Interesting article about the Snowden documents, including comments from former Guardian editor Ewen MacAskill
MacAskill, who shared the Pulitzer Prize for Public Service with Glenn Greenwald and Laura Poitras for their journalistic work on the Snowden files, retired from The Guardian in 2018. He told Computer Weekly that:
- As far as he knows, a copy of the documents is still locked in the New York Times office. Although the files are in the New York Times office, The Guardian retains responsibility for them.
- As to why the New York Times has not published them in a decade, MacAskill maintains “this is a complicated issue.” “There is, at the very least, a case to be made for keeping them for future generations of historians,” he said.

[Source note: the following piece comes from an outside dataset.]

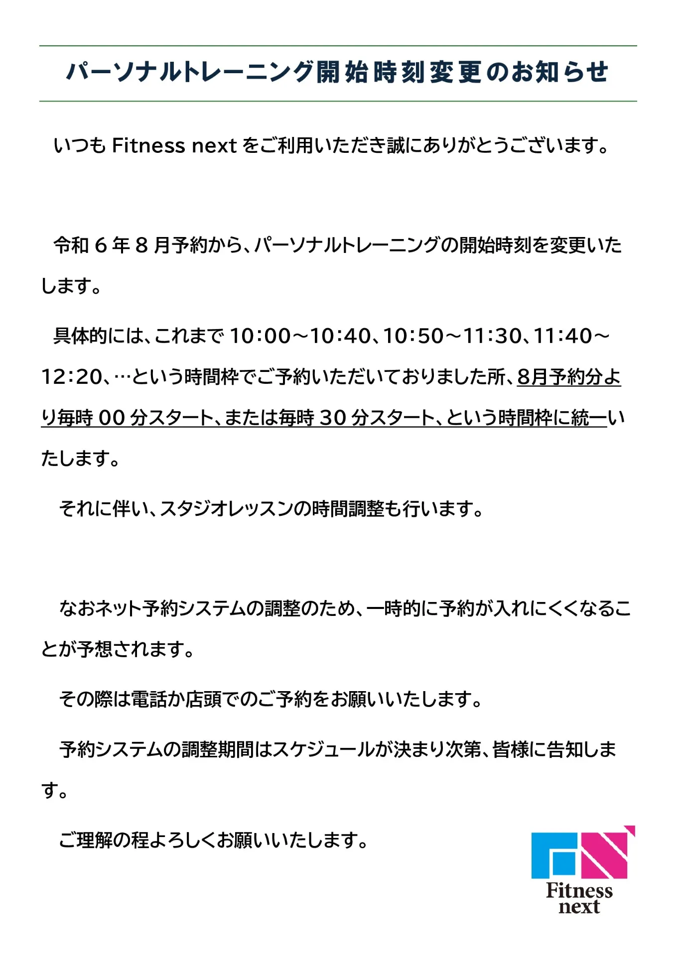 ネット予約受付一時停止のお知らせ いつもFitnessnextをご利用いただき誠にありがとうございます。以前より告知しておりました通り、8月よりパーソナルトレーニングの開始時刻を毎時00分と毎時30分に変更いたします。その調整のため、7月…

- Why was only 1% of the Snowden archive published by the journalists who had full access to it? Ewen MacAskill replied: “The main reason for only a small percentage—though, given the mass of documents, 1% is still a lot—was diminishing interest.”
[…]
The Guardian’s journalist did not recall seeing the three revelations published by Computer Weekly, summarized below:
- The NSA listed Cavium, an American semiconductor company marketing Central Processing Units (CPUs)—the main processor in a computer which runs the operating system and applications—as a successful example of a “SIGINT-enabled” CPU supplier. Cavium, now owned by Marvell, said it does not implement back doors for any government.
- The NSA compromised lawful Russian interception infrastructure, SORM. The NSA archive contains slides showing two Russian officers wearing jackets with a slogan written in Cyrillic: “You talk, we listen.” The NSA and/or GCHQ has also compromised key lawful interception systems.
- Among example targets of its mass-surveillance programme, PRISM, the NSA listed the Tibetan government in exile.
Those three pieces of info come from Jake Appelbaum’s Ph.D. thesis.